No they aren't. There's is no part of "the player controls what his PC says and does" that touches on "the player authors the fiction outside of the PC," and vice versa. They are two very different things.
I’m not sure what this means. I play and run a variety of games, and I’m applying the idea of agency consistently to them all. I’m not changing agency for my Spire campaign from how I view it for my Mothership campaign.
See above. The two types of agency cannot happen at the same time. You cannot both author the fiction outside the PC in the same moment as you are saying what the PC does or says that affects things. They can occur closely after one another, but so can multiple instances of one or the other.

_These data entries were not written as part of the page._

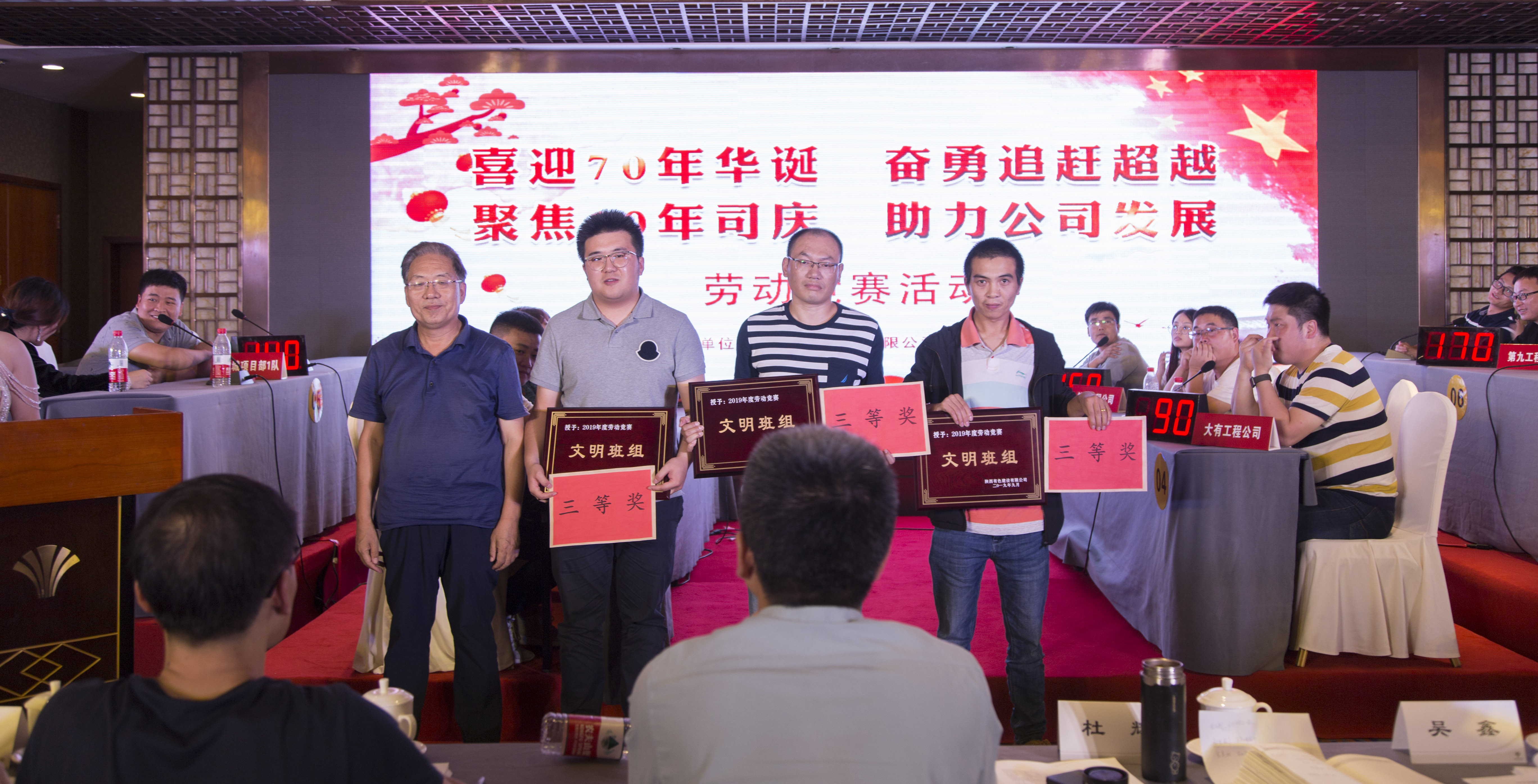 9月30日,由公司工會(huì)牽頭,科技質(zhì)量部、生產(chǎn)運(yùn)行部、項(xiàng)目管理部參與協(xié)辦的“喜迎70年華誕 奮勇追趕超越;聚焦10年司慶 助力公司發(fā)展”主題勞動(dòng)競(jìng)賽復(fù)賽及決賽在陜西世紀(jì)金源大飯店二樓舉行。由各生產(chǎn)單位組成的12支代表隊(duì),63名選手及公司各相關(guān)領(lǐng)導(dǎo)參加了活動(dòng)。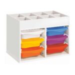 - Hergestellt aus: melaminbeschichtetes Holz (Möbel) und Polyethylen (Behälter).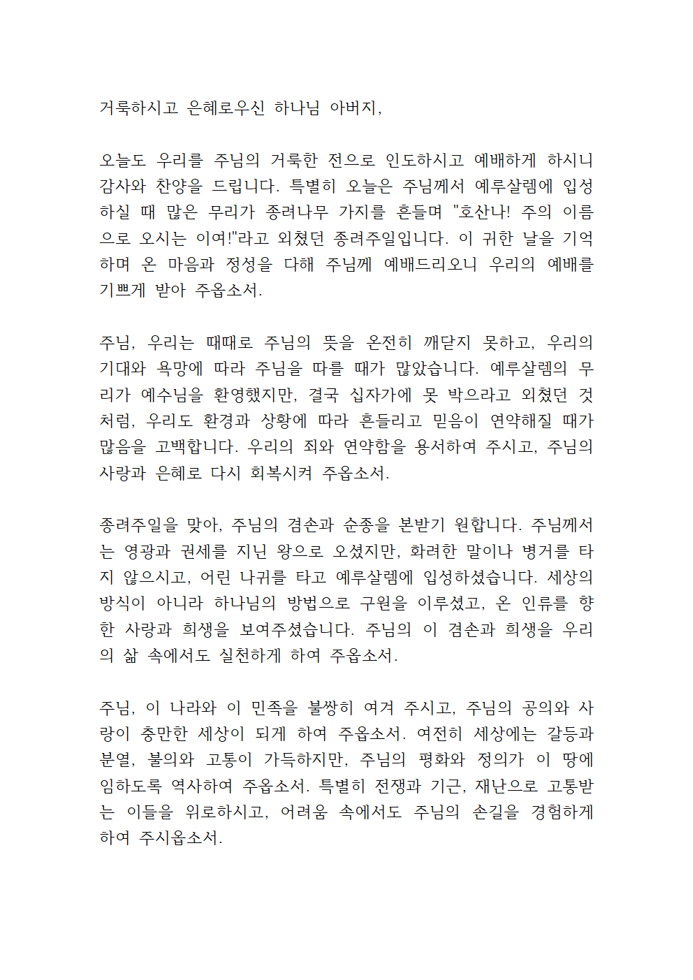 종려주일을 맞아, 주님의 겸손과 순종을 본받기 원합니다. 주님께서는 영광과 권세를 지닌 왕으로 오셨지만, 화려한 말이나 병거를 타지 않으시고, 어린 나귀를 타고 예루살렘에 입성하셨습니다. 세상의 방식이 아니라 하나님의 방법으로 구원을 이루셨고, 온 인류를 향한 사랑과 희생을 보여주셨습니다. 주님의 이 겸손과 희생을 우리의 삶 속에서도 실천하게 하여 주옵소서.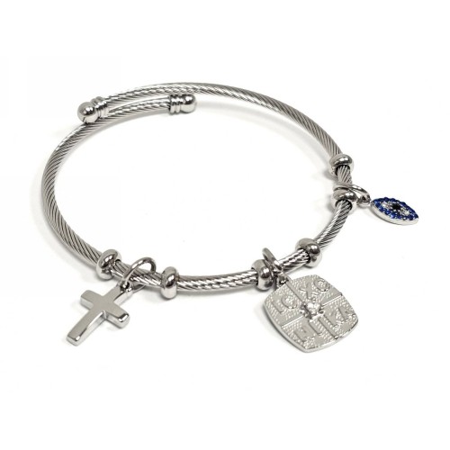 Βραχιόλι Ατσάλι 316L, με σταυρό , μαρτυρικό , μάτι και στρας σε χρώμα Ασημί..

Time is finite. You cannot have more agency in one game that the other, because the two agencies are mutually exclusive in the same moment of time.
Maybe you're some magic man that controls time and creates time loops or does other crazy stuff that no one else can. I doubt it, though.

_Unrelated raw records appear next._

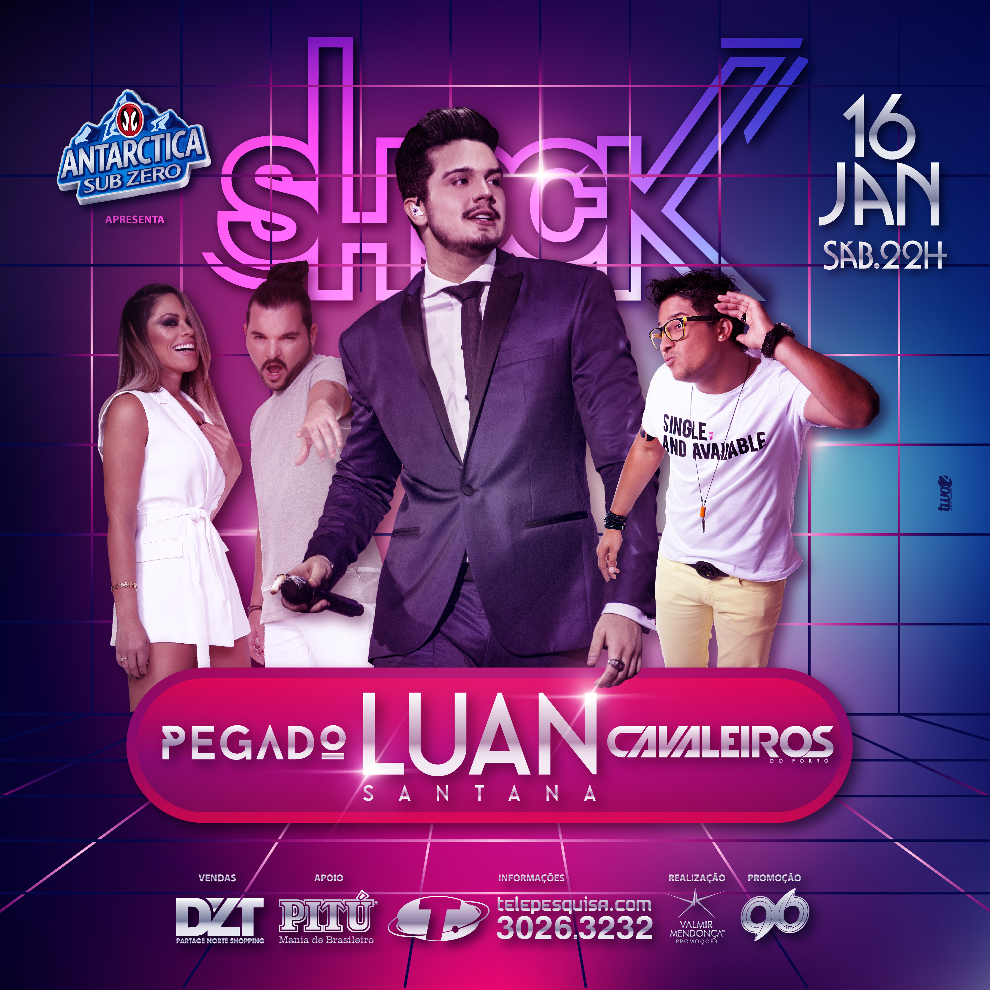 Vendas a partir de SEXTA (11) na DLT Partage Norte Shopping. Luan Santana, Pegado e Cavaleiros, na Shock Show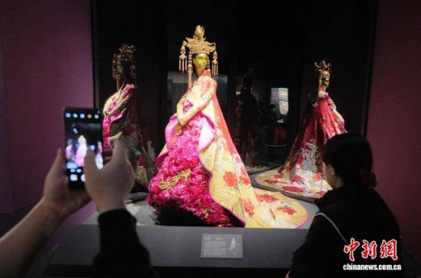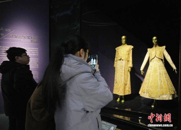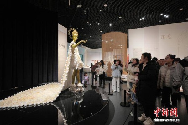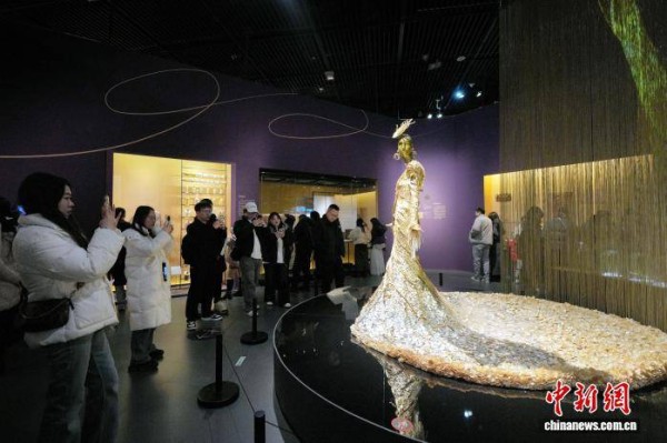 1月1日,成都博物馆前来参观的市民、游客络绎不绝,大家有序参观,在浓浓的文化氛围中度元旦假期。图为民众在成都博物馆拍摄《“金线——从北非到东亚的黄金服饰风尚”特展》。中新社记者 安源 摄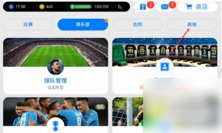 在游戏里,玩家若想更换球队,第一步得点击右上角的【其他】按钮。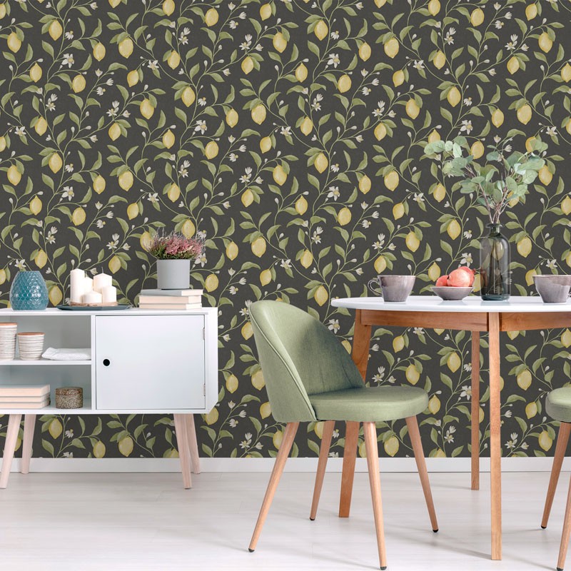 Paper pintat JARDÍ DE LLIMONES FONS NEGRE GRAFIT 3854-5

I don’t know who the “we” is that you’re referring to. Proponents of a living world would not allow the game to grind to a halt due to players not being proactive.
Nice Strawman. I'm not talking about a living world. I'm talking about a sandbox. In fact, if you were actually going to start reading to understand instead of reading to reply, you'd have read that I said that when the game shifts to be more linear with the passive players, the living portion of the game still happens. So of course a living world doesn't grind to a halt due to players not being proactive. A sandbox does, though. A sandbox cannot happen if the DM is initiating things.
I understand the approach quite well. As I said, if the PCs do nothing, that doesn’t mean nothing happens. That goes against the idea of a living world. I find your accusations that I don’t understand this type of play to be unfounded and clearly ironic.
You said that in less 10 seconds of game gnolls could seek out giants, persuade them to attack, and then the giants could get to town to attack it. Because that's how much time happens when nothing is happening. The players aren't sitting at the table in the inn for the days or weeks it would take for all that to happen.
As for time, two things. First, the passage of time is an illusion. It can go as fast or as slow as we’d like. However, second, I never said to take only ten seconds to do this. If you were familiar with a living world, you’d know that the GM would be determining these developments at regular intervals. So, if the PCs don’t address the gnoll pack raiding caravans, then the pack collects booty from the raids. Maybe after a month, they’ll have enough to coin to approach the giants. Maybe a couple weeks later, they attack the town.
You did say 10 seconds, because that's how much time passes while the PCs are just sitting at the table and the players are staring at me. And it was during the staring time that this is all happening.
If I'm going to initiate something, it's not going to be something that takes days or weeks to happen when only a few seconds of game time are happening.
In a living world the DM doesn't just decide to backdate time and have something occur in the past that did not already happen, so the gnolls didn't decide to retroactively have approached the giants.
It would 1) have already have had to be planned, and 2) could not be aimed at the PCs like that. If either one of those isn't happening, it's not part of a living world.
If I'm initiating something to get the game moving with passive players, it cannot be part of the living world unless it just coincidentally was something pre-planned for that specific moment and the PCs just happened to proactively go there. None of which occurs when PCs are passively sitting at a bar.
In the event of players who don’t do anything, you can offer them opportunities for action. If they don’t take any, then you have the gnolls and giants attack town. Now they have to do something. Hopefully, this provokes them to be less inactive in the future.
Right. I said that. It's just not 1) a living breathing part of the world, and 2) not a sandbox any longer.
I also said that in my experience, passive players don't switch to proactive. Your experience may be different, but in mine if they aren't proactive from the get go, I have to initiate things a lot over the course of the entire campaign.